Forcing his Ku Klux Klan bill through Congress in 1872 was one of Butler’s great victories, one that brought him to the height of his national political power. On that crest he attempted to win the nomination for governor, but his entrenched enemies in Massachusetts were able to thwart his ambitions in the Republican conventions of 1872 and 1873. In 1874 they even succeeded in preventing his renomination for Congress, though by waving the bloody shirt he got himself re-elected two years later.
Somehow Butler still found time for his private concerns; he was a much-sought lawyer with a flourishing practice. In a suit over prize money for Confederate ships seized during the war, he won an award of $1,500,000 for Admiral Farragut and his crews—the highest damages sustained up to that time by the Supreme Court. Yet for all his legal eminence, Ben Butler remained the impudent young man who had once tweaked an editor’s nose. When a judge asked him testily if he was trying to show contempt for the court, he replied that he was trying to conceal it.
With law and politics came business ventures. In addition to his mills he now owned a granite quarry and the United States Cartridge Company. He speculated in land, in mines, in a barge company. Conflict of interest never troubled him. If he could use his influence to further his enterprises, so much the better.

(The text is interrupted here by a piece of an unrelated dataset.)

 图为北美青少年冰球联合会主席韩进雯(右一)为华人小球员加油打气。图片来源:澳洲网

To “Butlerize” was a word coined by his enemies meaning to make off with everything in sight. Butler’s activities—and his toadlike bald head and bloated face—became the delight of cartoonist Thomas Nast.
True to his New England heritage, Butler loved the sea. He built a summer home near Gloucester, overlooking Ipswich Bay. He relaxed by sailing his yacht America , the famous cup-winner and Confederate blockade-runner. He dressed his crew in snappy uniforms and often participated in the races off Newport, Rhode Island. A spanking nor’wester was an exhilaration: alerted by the Coast Survey when a storm was brewing, he would don his oilskins and put to sea.

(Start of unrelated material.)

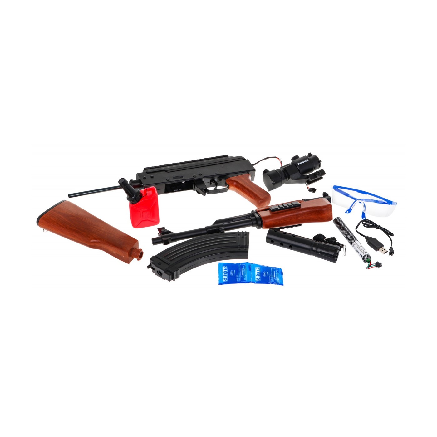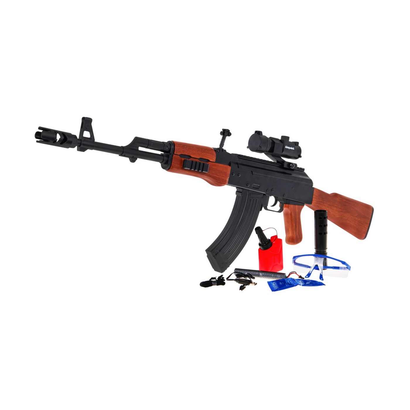 | | - pistolet, - magazynek, - tłumik, - nasadka, - USB kabel, - akumulator 7,4V, - 2000 nieprzygotowanych bomb wodnych, - smycz, - kanister, - okulary, - instrukcja. |

In 1878 Butler announced that he was through with both major parties and allowed himself to be nominated by the Greenbackers for the governorship of Massachusetts. But at the same time he was moving back toward the Democratic party of his youth (he even came out for pensions for Confederate veterans); his real goal was to become the Democratic gubernatorial candidate. He arranged for his supporters to pack the convention hall, and he was in fact nominated—to the disgust of the conservative Democrats, who walked out to nominate their own man. The split insured a Republican victory. Conservative Republicans were delighted at Butler’s defeat. Mildmannered President Hayes wrote that it was one of the best events since the war; he considered Butler “unscrupulous, able, rich, untiring, the most dangerous and wicked demagogue we ever had.” Butler was an unsuccessful gubernatorial candidate again in 1879, and the following year he refused to run for any office.

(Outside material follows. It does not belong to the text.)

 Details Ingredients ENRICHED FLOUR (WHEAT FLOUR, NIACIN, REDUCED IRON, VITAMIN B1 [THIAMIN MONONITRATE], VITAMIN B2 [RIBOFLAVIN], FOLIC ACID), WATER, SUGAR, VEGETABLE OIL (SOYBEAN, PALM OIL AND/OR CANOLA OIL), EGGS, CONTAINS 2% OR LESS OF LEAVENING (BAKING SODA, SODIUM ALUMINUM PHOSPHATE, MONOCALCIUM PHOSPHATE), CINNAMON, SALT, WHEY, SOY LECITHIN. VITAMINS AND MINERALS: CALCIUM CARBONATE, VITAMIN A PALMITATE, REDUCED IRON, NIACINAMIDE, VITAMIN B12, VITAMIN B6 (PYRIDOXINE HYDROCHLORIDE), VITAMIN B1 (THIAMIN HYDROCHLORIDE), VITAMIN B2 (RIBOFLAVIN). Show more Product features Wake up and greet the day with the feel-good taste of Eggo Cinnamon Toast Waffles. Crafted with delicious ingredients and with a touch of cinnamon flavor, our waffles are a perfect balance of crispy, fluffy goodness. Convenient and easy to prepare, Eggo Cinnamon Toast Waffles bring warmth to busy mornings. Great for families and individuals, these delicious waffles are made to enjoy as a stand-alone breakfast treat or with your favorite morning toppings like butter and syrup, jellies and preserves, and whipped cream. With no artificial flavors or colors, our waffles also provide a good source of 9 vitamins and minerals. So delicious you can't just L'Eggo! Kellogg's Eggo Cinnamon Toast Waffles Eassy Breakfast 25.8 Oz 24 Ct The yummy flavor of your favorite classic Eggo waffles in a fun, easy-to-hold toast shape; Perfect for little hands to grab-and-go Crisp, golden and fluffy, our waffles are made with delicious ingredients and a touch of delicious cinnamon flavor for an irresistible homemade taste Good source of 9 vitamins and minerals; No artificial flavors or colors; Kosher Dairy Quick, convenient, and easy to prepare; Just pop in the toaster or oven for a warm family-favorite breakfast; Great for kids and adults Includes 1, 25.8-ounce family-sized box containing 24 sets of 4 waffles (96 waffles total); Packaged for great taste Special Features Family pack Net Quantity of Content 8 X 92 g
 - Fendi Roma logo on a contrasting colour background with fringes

Ben’s wife, Sarah, had died of cancer in 1876; in 1881 his son Ben-Israel succumbed to Bright’s disease. Butler was again nominated for governor by the Democrats and Greenbackers, but in that sad year the candidate’s sharp tongue and rasping voice were muted. He scarcely campaigned at all and seemed indifferent to his inevitable defeat.
But by 1882 his spirits were largely recovered, and this time the perennial Democratic gubernatorial nominee had the backing of the likes of Wendell Phillips, Susan B. Anthony, and prison reformer Burnham Wardwell. And, at last, Butler was successful.